I have been using this as a reference, but not able to accomplish exactly what I need: http://stackoverflow.com/questions/89228/how-to-call-external-command-in-python/92395#92395
I also was reading this: http://www.python.org/dev/peps/pep-3145/
For our project, we have 5 svn checkouts that need to update before we can deploy our application. In my dev environment, where speedy deployments are a bit more important for productivity than a production deployment, I have been working on speeding up the process.
I have a bash script that has been working decently but has some limitations. I fire up multiple 'svn updates' with the following bash command:
(svn update /repo1) & (svn update /repo2) & (svn update /repo3) &
These all run in parallel and it works pretty well. I also use this pattern in the rest of the build script for firing off each ant build, then moving the wars to Tomcat.

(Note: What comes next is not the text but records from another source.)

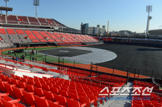 프로야구 제10구단 KT 위즈가 프로야구 개막 D-100일을 맞아 신규 입단 선수(김사율 김상현 박경수 박기혁 배병옥 장시환 장성호 정대현 정현 용덕한 이대형 윤근영 이성민) 기자회견을 가졌다. 공사가 진행중인 수원구장의 모습 수원=허상욱 기자 wook@sportschosun.com/2014.12.18/
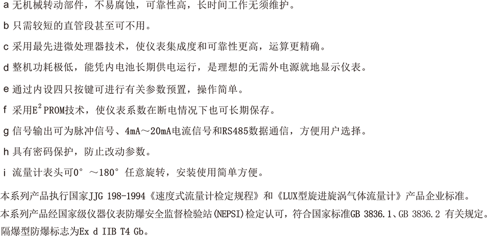 LUX型旋進旋渦氣體流量計集旋進流量傳感器和流量積算儀于一體,可測量氣體工況流量和總量,該產品差動式雙壓電傳感器技術,具有準確度高、穩定性好、抗干擾能力強、無旋轉可動部件、維護簡單方便等特點,可應用于石油、化工、電力、冶金等工業行業的氣體流量及體積計量和檢測。
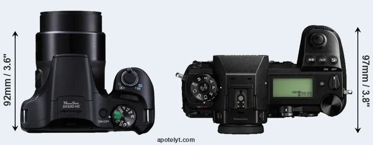 The side-by-side display below illustrates the physical size and weight of the Canon SX530 and the Panasonic S1R. The two cameras are presented according to their relative size. Three consecutive views from the front, the top, and the rear side are shown. All width, height and depth dimensions are rounded to the nearest millimeter.
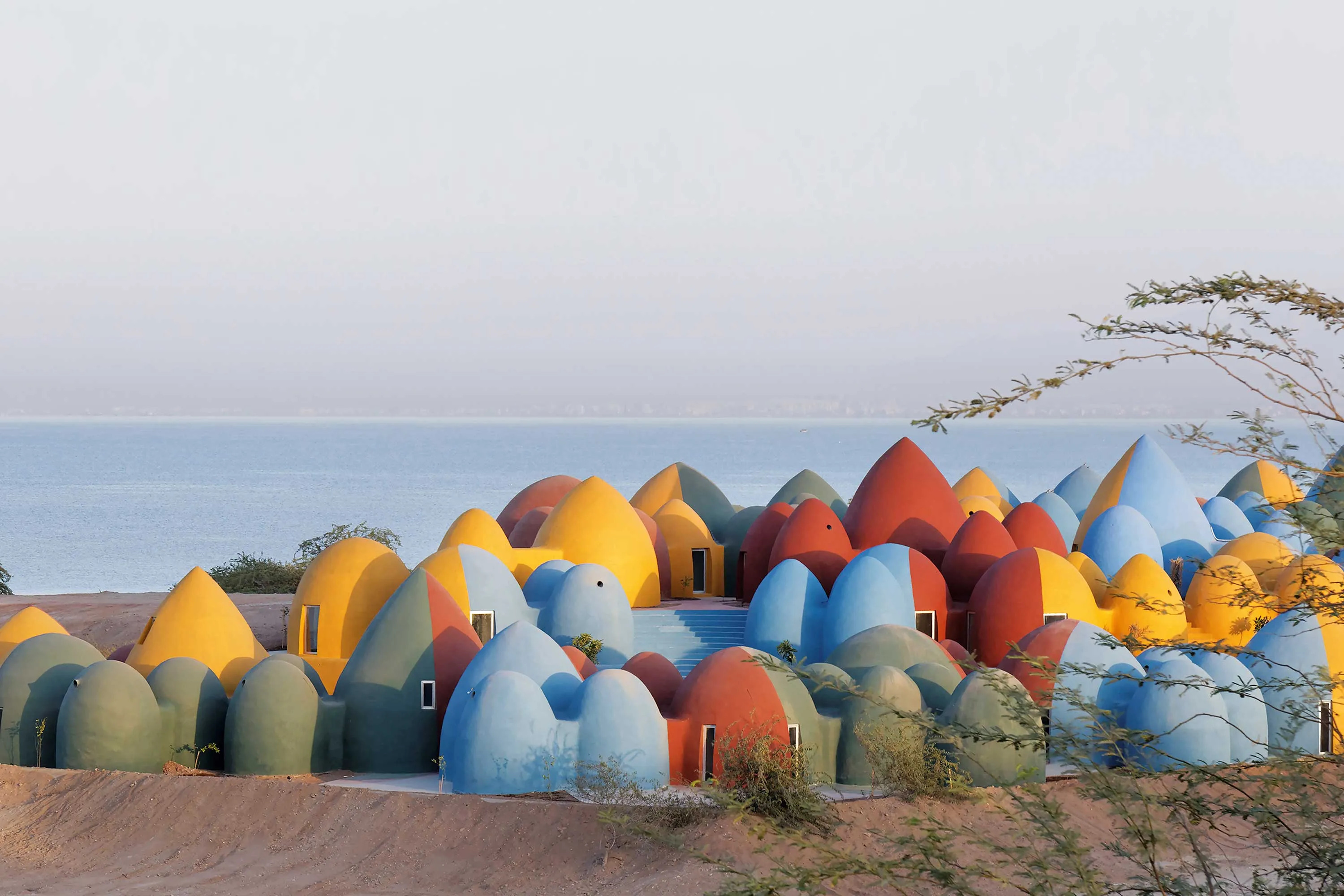 Majara 在波斯語中意為「冒險」,也確實如此:整座建築群由約200個形狀各異、大小不一的圓頂組成,外觀色彩濃烈,卻與當地紅岩、礦砂與藍海意外和諧。設計師借鏡荷姆茲島本身的色彩礦物地形,將這些自然元素融入建築表面,使其看來如同從大地生長而出。
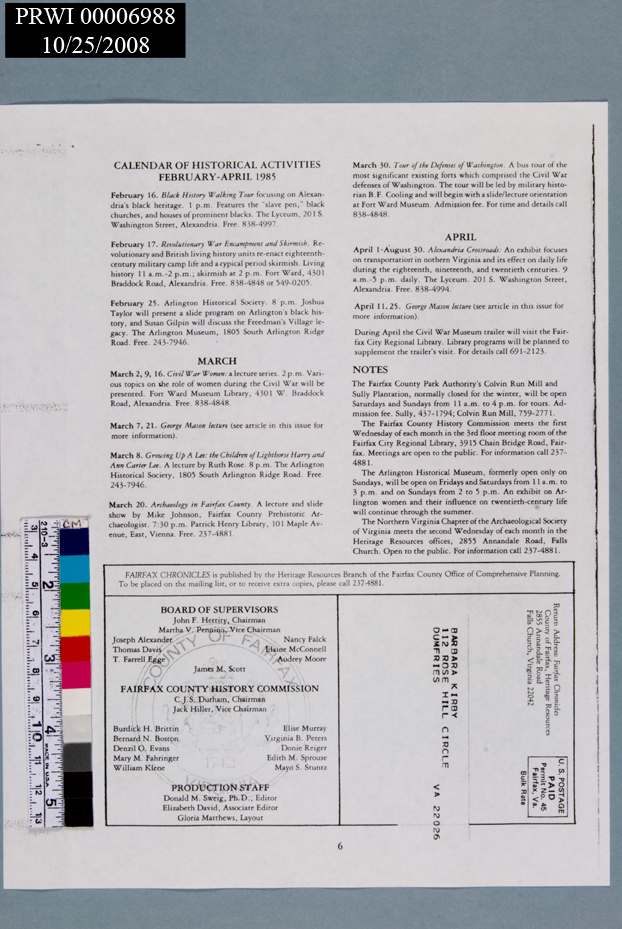 HISTORY. BLACK AMERICANS. 1985. ALEXANDRIA SLAVE PEN. 4+ PAGES.<CRFAIRFAX CHRONICLES. ALSO THE FALLS CHURCH COLORED SCHOOL.<CRPHOTOCOPY. BY ARTEMEL, PARKER & RAMOS.<CR<CR<CRCATALOG # ON BACK. GLOVES FOR HANDLING.
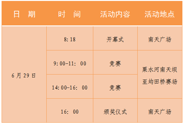 2.比赛采用分组计时,赛制为上午一水、下午一水计总成绩,按两轮总成绩排出1-16名。设优秀组织奖、道德风尚奖、最佳人气奖若干。比赛分组和赛道在领队、教练与裁判联席会上决定;赛道、舟号于赛前在检录处抽签确定。
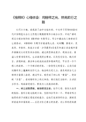 《榜样8》心得体会:用榜样之光,照亮前行之路12月21日晚,我观看了由中央组织部、中央学习贯彻XXX新时代中国特色社会主义思想主题教育领导小组办公室、中央广播电视总台联合制作的《榜样8》专题节目,节目中播出的人物事迹引让我感动。《榜样8》专题节目邀请钱七虎、刘玲、唐菊兴、吴琍惠芳、李桂科、热孜万古丽·沙吾提等6名党员和浙江省余姚市梁弄镇横坎头村党委参加录制,通过典型事迹展示、现场访谈、重温入党誓词等形式,生动展现突出事迹,以及坚定信念、践行宗旨、拼搏奉献、廉洁奉公的高尚品质和精神风范。节目里一个个感人的故事,一个个鲜活的形象,一份份坚定的誓言,让我们看到榜样身上蕴藏的信仰之力,饱含的为民之力,肩负的担当之力榜样力量催人奋进,透过节目,感受到了初心的重量、使命的力量,看到榜样身上的光和热,将以他们为标杆,主动担当作为,砥砺奋进前行,照亮为人民服务的路。一、树立进取思维,做信仰坚定者。信仰之塔,恰似大海里的航标,指引巨轮远航的方向。坚持30余年如一日,帮助有听力缺陷的孩子训练正常说话的能力,让他们逐渐回归社会,拥有美好前途和幸福家庭……正是对自己事业的热爱、对工作的进取激励着刘玲不断前进。今后,我将更加注重跟进学习榜样身上的琍不抛弃不放弃的进取精神,持续增进对XXX新时代中国特色社会主义思想的政治认同、思想认同、理论认同、情感认同,坚持从政治上看问题,把握大局大势,在重大问题上头脑清醒、态度坚决始终保持政治立场不移、政治方向不偏,坚定捍卫两个确立坚决做到两个维护。二、树立群众思维,做为民服务者。江山就是人民、人民就是江山。2005年,榜样吴惠芳放弃大城市优越的生活条件,选择自主择业回到家乡永联村。18年来,他将乡村建设当作第二战场推动形成四治融合的现代化乡村治理模式,带领全村党员群众一张蓝图绘到底,走出了一条强富美高的乡村振兴之路。榜样的力量是无穷的,要把对榜样的学习动力转化为带领全村百姓奔向共同富裕的实际行动。下一步我增强民本意识。要以服务群众为荣、以背离人民为耻,牢固树立向人民群众学习的观点,心系基层、情暖群众。求真务实,重在落实,贵在行动。单有主观上为人民服务的良好愿望和热情是远远不够的。全心全意为人民服务关键在全字,要做到尽心尽职,不遗余力,吃苦在前、克己奉公、无私奉献,要想干事、干好事、干成事,力争多掌握一些思想方法和工作方法。三、树立奋斗思维,做事业拼搏者。奋斗成就历史,实干创造未来。海南热带雨林国家公园管理局霸王岭分局高级工程师齐旭明,始终以为国家找到更多更好的地质矿产宝藏为己任,28年来坚持奔波在海拔4500米以上的青藏高原生命禁区;主持或参与勘查评价和发现多个大型—超大型铜多金属矿床,为缓解我国资源瓶颈作出了突出的贡献……进道路虽然崎岖不平,困难重重,但是,我们要奋力创造新的更大奇迹,去赢取新的更大胜利。不断提高把握新发展阶段、贯彻新发展理念、构建新发展格局的政治能力、战略眼光、专业水平,增强工作积极性、主动性、创造性,敢于担当、善于作为,不断提高与时代发展和事业要求相适应的素质和能力,就能把党中央决策部署贯彻落实好,创造出经得起历史和实践检验的实绩。《榜样8》给我们上了一堂鲜活生动的党课。榜样是一面镜子更是一种力量。我将以此次观看学习为契机,以榜样为标杆,充分发挥基层党组织战斗堡垒作用和广大党员先锋模范作用,以更饱满的精神状态投入到业务工作中,以更加坚定的政治信念、更加昂扬的精神状态、更加鲜明的创新举措,将主动把学习榜样精神与学习贯彻XXX新时代中国特色社会主义思想、扎实开展第二批主题教育结合起来,在持续推动事业高质量发展、全面建设社会主义现代化强国中作出自己应有的贡献。

However, I have no control over stopping deployment if one of the updates or a build fails.
I'm re-writing my bash script with Python so I have more control over branches and the deployment process.
I am using subprocess.call() to fire off the 'svn update /repo' commands, but each one is acting sequentially. I try '(svn update /repo) &' and those all fire off, but the result code returns immediately. So I have no way to determine if a particular command fails or not in the asynchronous mode.
import subprocess
subprocess.call( 'svn update /repo1', shell=True )
subprocess.call( 'svn update /repo2', shell=True )
subprocess.call( 'svn update /repo3', shell=True )
I'd love to find a way to have Python fire off each Unix command, and if any of the calls fails at any time the entire script stops.